Comment by nsingh2

14 hours ago

Why supply underspecified requirements in the first place? Both models are good at challenging assumptions/edge cases and asking questions to clarify, but seemingly only when explicitly asked (i.e. something like a "brainstorm" skill).

I don't think either harnesses do enough to encourage the model to challenge all assumptions and ask questions, maybe because users might find it annoying. That step is basically a requirement IMO.

I've found all of the GPT-5 models to be very nit-picky, useful for code review and mathematics (important for my work), but seemingly gets in the way of "aesthetic" code, e.g. overly defensive code to cover all edge cases, even if unlikely.

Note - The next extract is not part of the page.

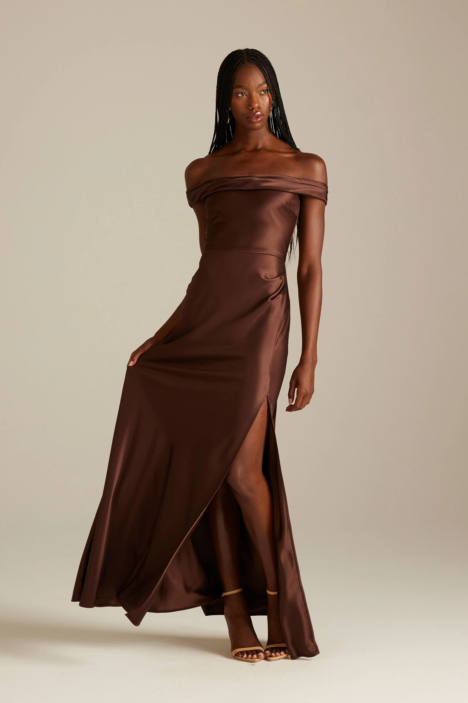 Spotlighting Kai, for understated evenings. Crafted from a luxurious eco-satin our espresso brown bridesmaid dresses, offer head-to-toe refinement.

There is seemingly also a tradeoff between flexibility vs instruction following. In my experience Opus will sometimes ignore instructions but can "fill in the blanks" more, vs GPT-5.5 follows instructions better but perhaps at the cost of rigidity.

12 comments

nsingh2

fooker 14 hours ago

> Why supply underspecified requirements in the first place?

Because you'd not want to forever loop outside your home when asked to "while you're out, grab some eggs" :)

reactordev 9 hours ago

Meaning why not leave home with your grocery list?

iLoveOncall 12 hours ago

> Why supply underspecified requirements in the first place?

Because the entire reason we use LLMs is to supposedly improve productivity?

nsingh2 11 hours ago
Refusing to sufficiently specify a task and hoping the model guesses correctly is not being productive. Again, these models still don't really ask questions when they should. You have to explicitly tell them to.
Specifying the problem is not extra work separate from solving it. If you skip that step, the ambiguity gets pushed into the model’s assumptions. Then you get a plausible looking answer to the wrong problem and have to waste time backing out of it.
LLMs are not magic machines that can read your mind.
- iLoveOncall 11 hours ago
  
  My point is that it is much faster for me to solve the problem by writing the code than to write specifications detailed enough for the model to do the right thing in the right way.
  
  4 replies →

antonvs 14 hours ago

> Why supply underspecified requirements in the first place?

Minimizes effort, is the obvious answer.

cyberpunk 13 hours ago
Poor trade off, the model is then designing a massive chunk of your solution instead of you. With a good spec, bits of typo’d pseudocode, and slightly more effort than a couple of sentences they can actually produce passable software.
I think the reason claude has so much mindshare is exactly because it’s more useful to non-developers who wouldn’t know how to describe what an api call executes to his grandmother.
For those who can, I can’t find much of a difference between them. Codex has the slight edge, but that’s all just “feels” to me.
- ben_w 12 hours ago
  
  You call it a poor trade off, but:
  > I think the reason claude has so much mindshare is exactly because it’s more useful to non-developers who wouldn’t know how to describe what an api call executes to his grandmother.
  This is exactly the benefit for most people.
  Most people don't want to code the app, they just want the app.
  Even people like us who do like coding, we can only think of all of these things within a domain that we already know; somebody who writes shaders for games isn't likely to know or care much about the ins and outs of database development or how healthcare privacy law and KYC interact with zero-knowledge proofs.
  (Of course, if the AI knows about these things and then completely fails to make use of that knowlege, that's still a fail).